Hace unos días, me dio por viajar en el tiempo, y volví a hasta ese lugar donde los sueños se cumplen, donde jugar y divertirse es lo único importante; donde cruzar la gran avenida para llegar al supermecado y comprar "Frugus" supone una gran aventura; ese lugar donde habitan las princesas, los dragones y los superhéroes.
Viajé y aterricé en mis doce años y llegue a nuestra casa de la Lincoln, 402. Aún recuerdo cuando la vi por primera vez grande, rodeada de arboles enormes que le imprimían un aire de misterio y la hacía parecer a las que salen en las películas de terror. Supongo que esto era por los años que había estado sin habitar, algo que fue cambiando poco a poco hasta hacerla "nuestro hogar"; sin embargo, nosotros si que queríamos seguir creyendo que era una casa fantasma que encerraba historias fantásticas entre sus paredes.
La casona, grande y obscura, estaba rodeada por una galería amplia de mosaicos rojos, desde ella se podía entrar por dos puertas: la principal y la que daba al comedor de diario/salón de estar/media cocina, donde estuvimos a punto de matarnos mi primo y yo por culpa de una de nuestras tantas discusiones, las que solemos mantener aún de vez en cuando, a través de la red. La puerta principal era grande y pesada, como las de esas pelís de misterio que les hablé, la abrían pocas veces, pero cuando lo hacían se podía ver la casa en todo su esplendor y al fondo las escaleras que daban al segundo piso. Nuestra casa grande estaba compuesta por amplios espacios, paredes altas y suelos que parecían un tablero de ajedrez. Sus paredes estaban llenas de puertas que escondían armarios empotrados en los que nos tejíamos mil y una historias y dentro de los cuales tratamos de encontrar, sin éxito, pasadizos secretos que nos llevarían a ocultos pasillos llenos de historias tenebrosas; nunca encontramos los pasillos detrás de sus puertas, tampoco llegamos a "Narnia" a través de ellos. Eso sí, estaban llenos de "cosas" de la tía Lourdes, que nos llenaban de curiosidad y a la que no teníamos acceso.
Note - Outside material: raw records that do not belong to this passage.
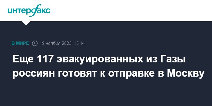 Еще 117 эвакуированных из Газы россиян готовят к отправке в Москву
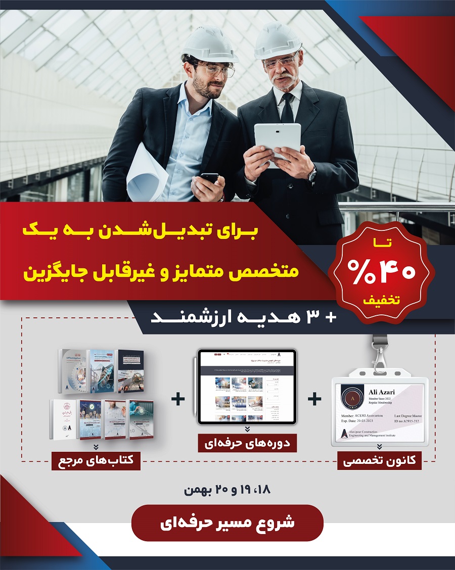 دسترسی به جدیدترین مقالات تخصصی و اخبار بهروز صنعت ساخت در حوزههای دانشی مدیریت دفتر فنی، مدیریت پروژه، مدیریت ساخت، مدیریت مالی و هزینه، مدیریت برنامهریزی و زمانبندی، مدیریت قرارداد، مدیریت ایمنی، مدیریت طرح و برنامه، مدیریت پایداری، مدیریت ریسک، مدیریت اطلاعات، مدلسازی اطلاعات ساخت (BIM)، مهارتهای نرم و مدیریت کسبوکار
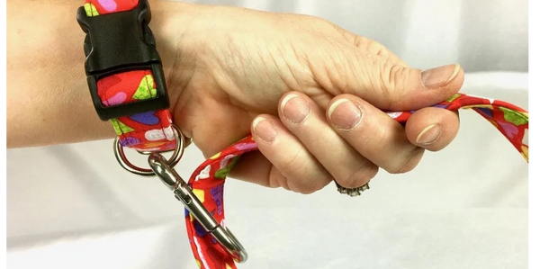 The Hold Tight! Wrist clip comes in both 3/4" and 1" widths and is available in all of the same fabrics available for our collars. They are adjustable and designed to fit wrist sizes 5"-9". Custom sizes are readily available.
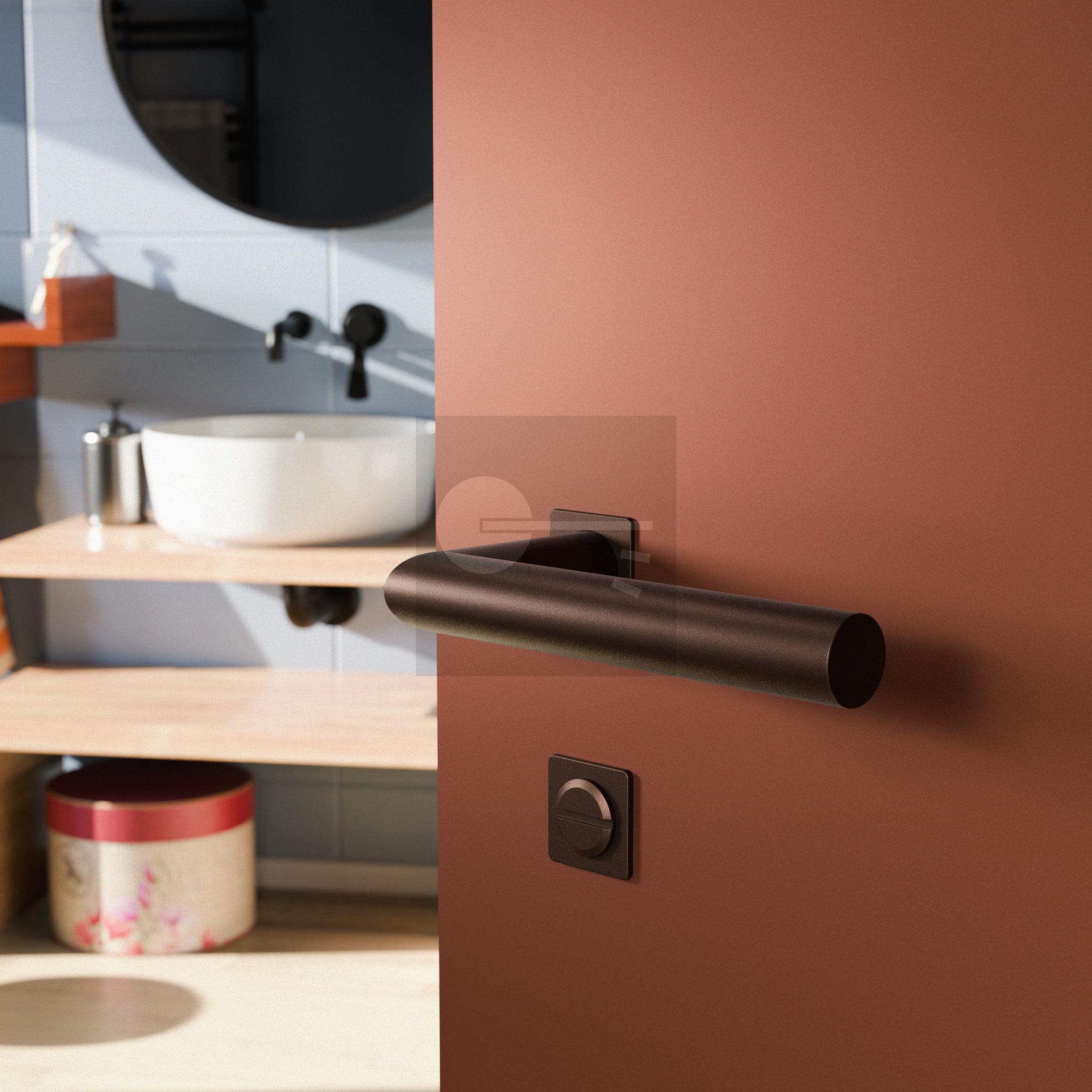 GPF1142.A2 Minimalistische Toiletgarnituur 28x28x1,5mm stift 8mm Bronze blend met GPF0140.09 vrij- en bezetslot WC72/8
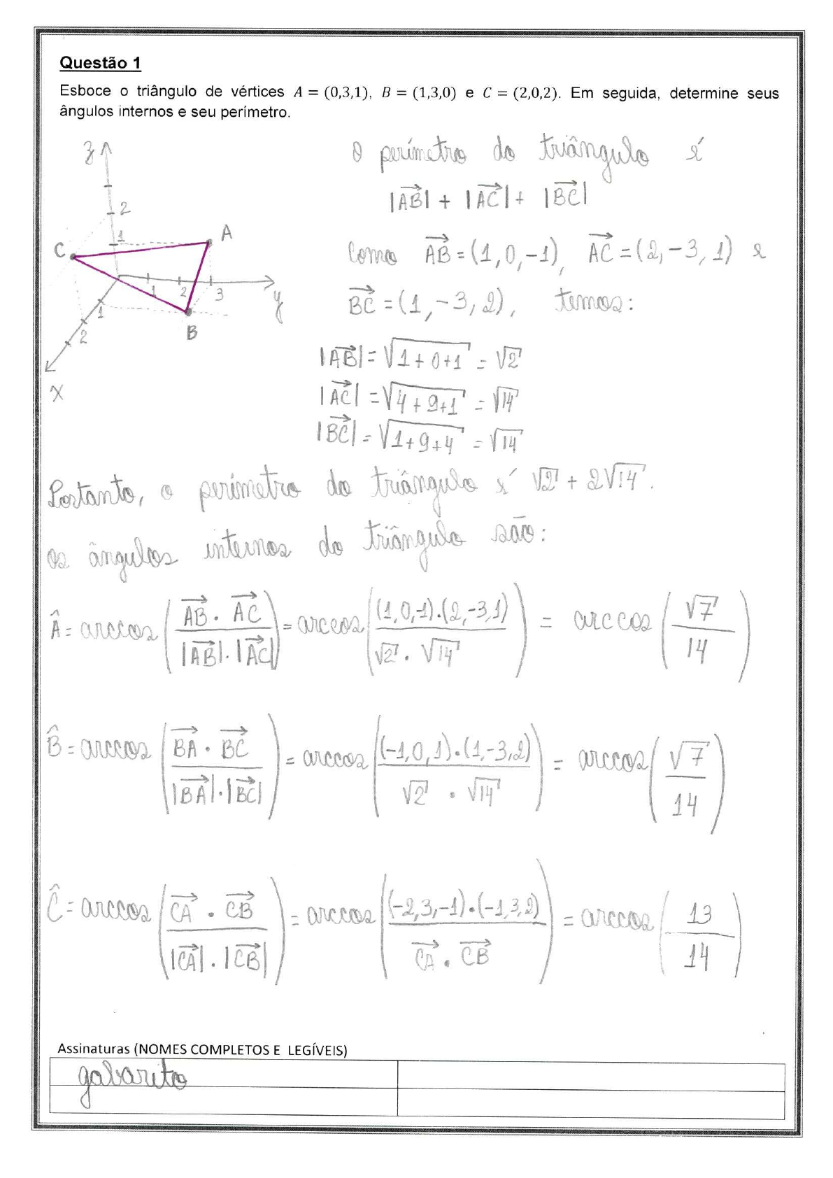 Questão 1 Esboce triângulo de vértices A = (0,3,1), B = (1,3,0) e C = (2,0,2). Em seguida, determine seus ângulos internos e seu perímetro. perimetro do triangulo & 2 + 1 A AB = (1,0,-1), AC = l 2 3 1 BC = (1, -3,2), 2 B ABI = V 1+0+1 = = 4+9+1 = = 1+9+4 = V14 Portanto, perimetro do + angulos internos do AB. AC (1,0,1).(2,-3,1) = are V7 = AC 14 B = arcos BA BC = arccos - = arccos V7 V14 14 CA CB = = 13 CA CB 14 Assinaturas (NOMES COMPLETOS E LEGÍVEIS) gabaritoQuestão 2 Esboce o tetraedro de vértices A = (0,3,1), B = (1,3,0), C = (2,0,2) e D = (1,1,1). Em seguida, utilize os produtos entre vetores convenientes para determinar a área de sua superfície e seu volume. rolume do 3 = AB. 2 C 1 A 6 A R 3 1 Y Como AB = (1,0,-1), AC = (2,-3,1) B 1 AD = 3 K i j K X ACX AD 2-31 = AB. = 1-20 = 3 Portanto, volume do tetraedro 2 1 de volume. A area do superficie do tetraedro a soma das de suas faces, que triangulos. Assim, As: = + 2 2 2 2 Como i j K i K AB 10-1 = (-3,-3,-3), AB AD = = 1, 2), 1-20 i j K BC BD = = AB AC = 3V3, ABX AD =3, 0-21 ACX AD = X = V6, temos As = + 3 + 2V6 unidades de AREA 20 Assinaturas (NOMES COMPLETOS E LEGÍVEIS)

Había una tercera puerta que daba de la cocina al patio, lugar que cuando llegamos, estaba lleno de piedras grandes y, según recuerdo, de moscas deambulando por ellas; eso no duró mucho tiempo así, pronto lo cementaron, construyendo una terracita en la que me encantaba sentarme las mañanas de verano, junto a mi abuela y al rico olor a café recién colado que nos llegaba de la cocina. En total eran tres puertas, por las que entrabamos y salíamos indistintamente en nuestras infinitas tardes de juegos y aventuras.
En la segunda planta estaban las habitaciones para dormir, igual de grandes, igual de amplias y,como en la parte de abajo, puertas y armarios en las paredes que tampoco nos llevaron a "Narnia", pero dentro de los cuales nos escondíamos y jugamos mas de una vez.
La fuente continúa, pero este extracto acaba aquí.